No Nordeste, a migração é ainda mais intensa e começou no início do ano. Em Alagoas, 15 dos 27 deputados estaduais eleitos em 1998 trocaram de partido. Em Sergipe, foram 13 dos 24 estaduais que fizeram o mesmo. "O empenho dos governadores está sendo decisivo para aumentar esta migração", disse o senador José Eduardo Dutra (PT-SE), usando como exemplo o Estado dele, onde o grupo político que apóia o governador Albano Franco (PSDB) procura reforçar legendas aliadas, como o PMDB e o PPS. "O PPS não elegeu nenhum vereador e hoje já é a maior bancada na Câmara de Aracaju", afirmou. O PPS conta com apenas quatro entre 21 vereadores. "O quadro partidário está tão pulverizado que partido que conta com dois vereadores é considerado grande"
afirmou Dutra.
Em Pernambuco, o governador Jarbas Vasconcelos (PMDB) anuncia amanhã a filiação de quatro deputados estaduais e 11 prefeitos no partido para contrabalançar o ingresso, na semana passada, do senador Carlos Wilson, de dois deputados estaduais e um prefeito no PPS. Até pequenas legendas, como PRTB, PSDC e PST estão recebendo adesões. Neste caso, as adesões vêm de vereadores com dificuldades para se reeleger em 2000.
"O sistema proporcional de eleições incentiva candidatos a vereador a buscarem partidos pequenos; eles evitam partidos com vereadores bons de voto porque temem reforçar a votação da coligação, ajudaram a eleger os principais candidatos da legenda e se tornaram apenas suplentes", disse o deputado Vilmar Rocha (PFL-GO), membro da Executiva Nacional do PFL, que, em Goiás, filiou dez prefeitos na última semana e pretende angariar três deputados estaduais na próxima. "O dia 25 (sábado) foi considerado o dia nacional de filiações do partido e haverá atos no Brasil inteiro", disse o parlamentar.

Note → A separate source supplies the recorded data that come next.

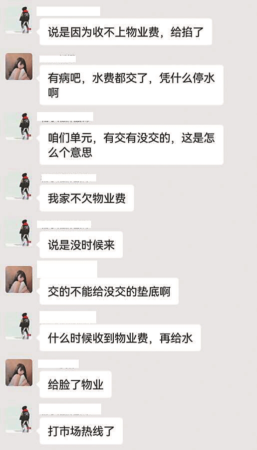 记者日前来到金色柏林小区进行采访。居民告诉记者,这次停水主要影响的是3号楼2单元的数十户居民,从3日晚开始,已经停水4天了,居民家没法做饭、没法上厕所,十分不便。记者向一楼物业保洁人员了解情况,其表示:“还停着呢,排水的管子断了,就在3号楼后面的地下,要修得把路面挖开。现在不停水,楼下就得返水。”记者看到,2单元一楼的电梯门上贴着一张通知,上面的内容是:2月3日16时起,3号楼2单元停水,因为外排管断裂导致下水无法排出,需要找外排公司维修。因3号楼2单元物业费陈欠较多,物业无力承担这笔费用,希望业主积极配合交费,尽早解决问题。
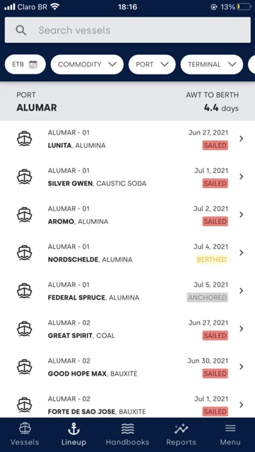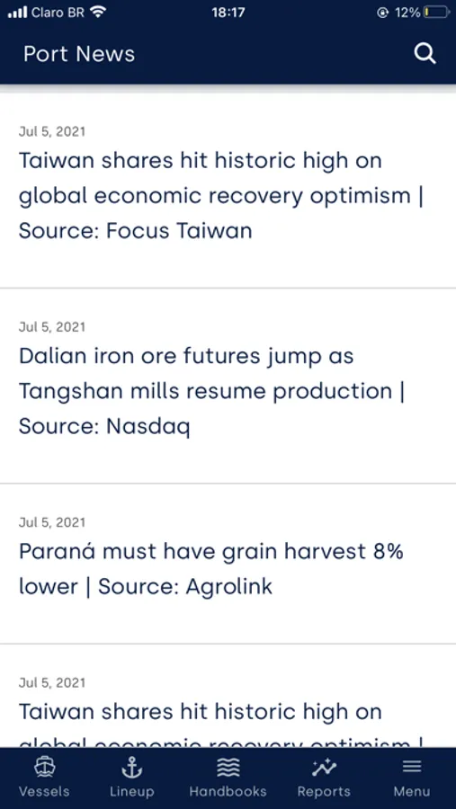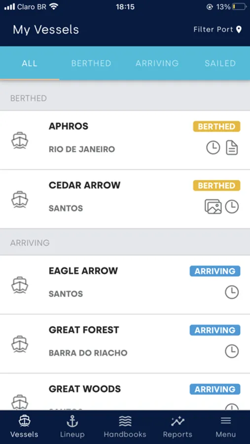 This app also features port line up, port handbooks, statistics reports and news functionalities.
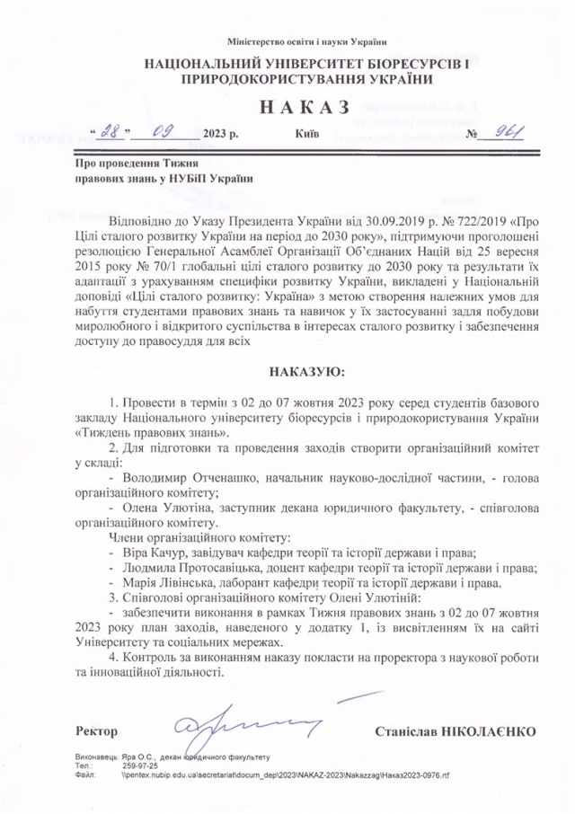 У понеділок стартував ХІІ «Тиждень правових знань у НУБіП України», який проводиться за ініціативи кафедри теорії та історії держави і права з 2012 року. Графік проведення заходів є досить насиченим. Тож кожного дня ми будемо інформувати наших читачів про них.
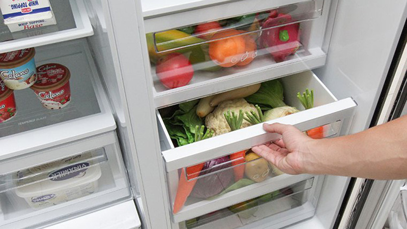 Tủ lạnh Side by Side thường có dung tích trên 500 lít, ngăn chứa lớn, thích hợp với gia đình nhiều người hay các dịp lễ, tết cần phải lưu giữ nhiều thực phẩm. Một số tủ lạnh Side by Side còn được trang bị khay kính chịu lực nên bạn không cần lo lắng khi đặt thực phẩm có khối lượng lớn vào tủ.
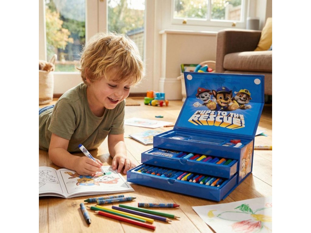 Kreativní kufřík s grafikou hlavních postaviček z pohádky Tlapková patrola. Sada je vhodným dárkem pro všechny fanoušky, kteří si chtějí rozvíjet svou kreativitu a umění.
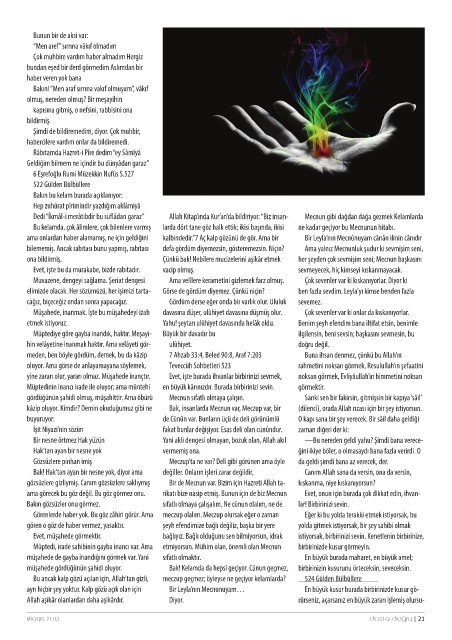 hin velâyetine inanmak haktır. Ama velâyeti gör- rikatı bize nasip etmiş. Bunun için de biz Mecnun Eğer ki bu yolda terakki etmek istiyorsak, bu

Como o quadro da disputa eleitoral de 2000 tende à pulverização, interessa também aos políticos locais se sentir livres das grandes estruturas para negociar o apoio. Em Maceió, por exemplo, a previsão é que haja pelo menos dez candidatos. No Rio e em São Paulo, oito. "No PMDB, eu não era protagonista do jogo político em minha região; agora, no PPS, posso até não ser candidato, mas serei ouvido", disse o deputado federal Edinho Araújo (SP), que tem em São José do Rio Preto, no interior do Estado, a base. A troca de partidos também foi insuflada por políticos sem mandato que tentam o retorno: em Belo Horizonte, o ex-prefeito Sérgio Ferrara foi para o PL, em Goiânia; o ex-prefeito Darci Accorsi, que foi do PT e passou pelo PSB, agora está no PTB, e, em Manaus, o ex-prefeito Eduardo Braga (ex-PPB) concorrerá pelo PPS.